## YOUR TASK
Every line of the data below is to be duplicated exactly, pictures excepted.

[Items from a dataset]
++++++++++
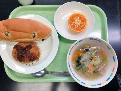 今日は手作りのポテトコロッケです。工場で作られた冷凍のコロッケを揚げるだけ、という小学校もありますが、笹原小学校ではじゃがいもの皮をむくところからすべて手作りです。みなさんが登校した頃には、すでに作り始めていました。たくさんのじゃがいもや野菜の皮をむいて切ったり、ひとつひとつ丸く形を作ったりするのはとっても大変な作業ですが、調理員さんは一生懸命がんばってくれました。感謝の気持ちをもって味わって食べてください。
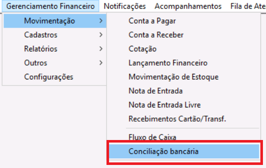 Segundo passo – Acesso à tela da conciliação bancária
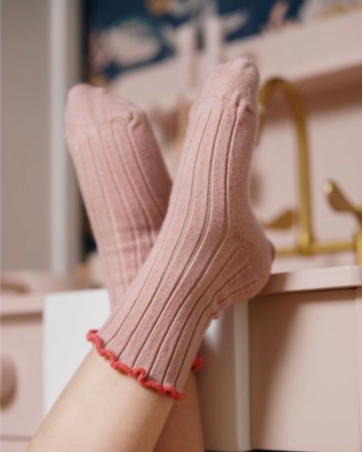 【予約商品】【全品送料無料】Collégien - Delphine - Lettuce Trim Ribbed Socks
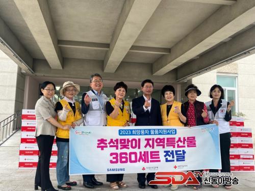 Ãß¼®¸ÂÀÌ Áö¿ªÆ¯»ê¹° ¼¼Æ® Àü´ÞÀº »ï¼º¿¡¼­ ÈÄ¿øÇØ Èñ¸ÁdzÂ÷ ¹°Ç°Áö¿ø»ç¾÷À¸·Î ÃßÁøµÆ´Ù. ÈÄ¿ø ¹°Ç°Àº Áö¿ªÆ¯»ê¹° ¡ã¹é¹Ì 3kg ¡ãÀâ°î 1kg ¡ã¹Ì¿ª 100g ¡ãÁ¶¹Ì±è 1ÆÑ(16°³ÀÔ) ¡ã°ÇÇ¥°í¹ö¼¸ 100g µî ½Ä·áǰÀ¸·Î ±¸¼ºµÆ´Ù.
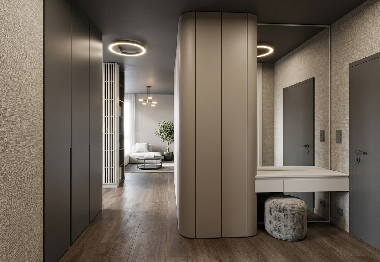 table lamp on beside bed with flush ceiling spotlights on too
++++++++++
## EXERCISE SOLUTION
 今日は手作りのポテトコロッケです。工場で作られた冷凍のコロッケを揚げるだけ、という小学校もありますが、笹原小学校ではじゃがいもの皮をむくところからすべて手作りです。みなさんが登校した頃には、すでに作り始めていました。たくさんのじゃがいもや野菜の皮をむいて切ったり、ひとつひとつ丸く形を作ったりするのはとっても大変な作業ですが、調理員さんは一生懸命がんばってくれました。感謝の気持ちをもって味わって食べてください。
 Segundo passo – Acesso à tela da conciliação bancária
 【予約商品】【全品送料無料】Collégien - Delphine - Lettuce Trim Ribbed Socks
 Ãß¼®¸ÂÀÌ Áö¿ªÆ¯»ê¹° ¼¼Æ® Àü´ÞÀº »ï¼º¿¡¼­ ÈÄ¿øÇØ Èñ¸ÁdzÂ÷ ¹°Ç°Áö¿ø»ç¾÷À¸·Î ÃßÁøµÆ´Ù. ÈÄ¿ø ¹°Ç°Àº Áö¿ªÆ¯»ê¹° ¡ã¹é¹Ì 3kg ¡ãÀâ°î 1kg ¡ã¹Ì¿ª 100g ¡ãÁ¶¹Ì±è 1ÆÑ(16°³ÀÔ) ¡ã°ÇÇ¥°í¹ö¼¸ 100g µî ½Ä·áǰÀ¸·Î ±¸¼ºµÆ´Ù.
 table lamp on beside bed with flush ceiling spotlights on too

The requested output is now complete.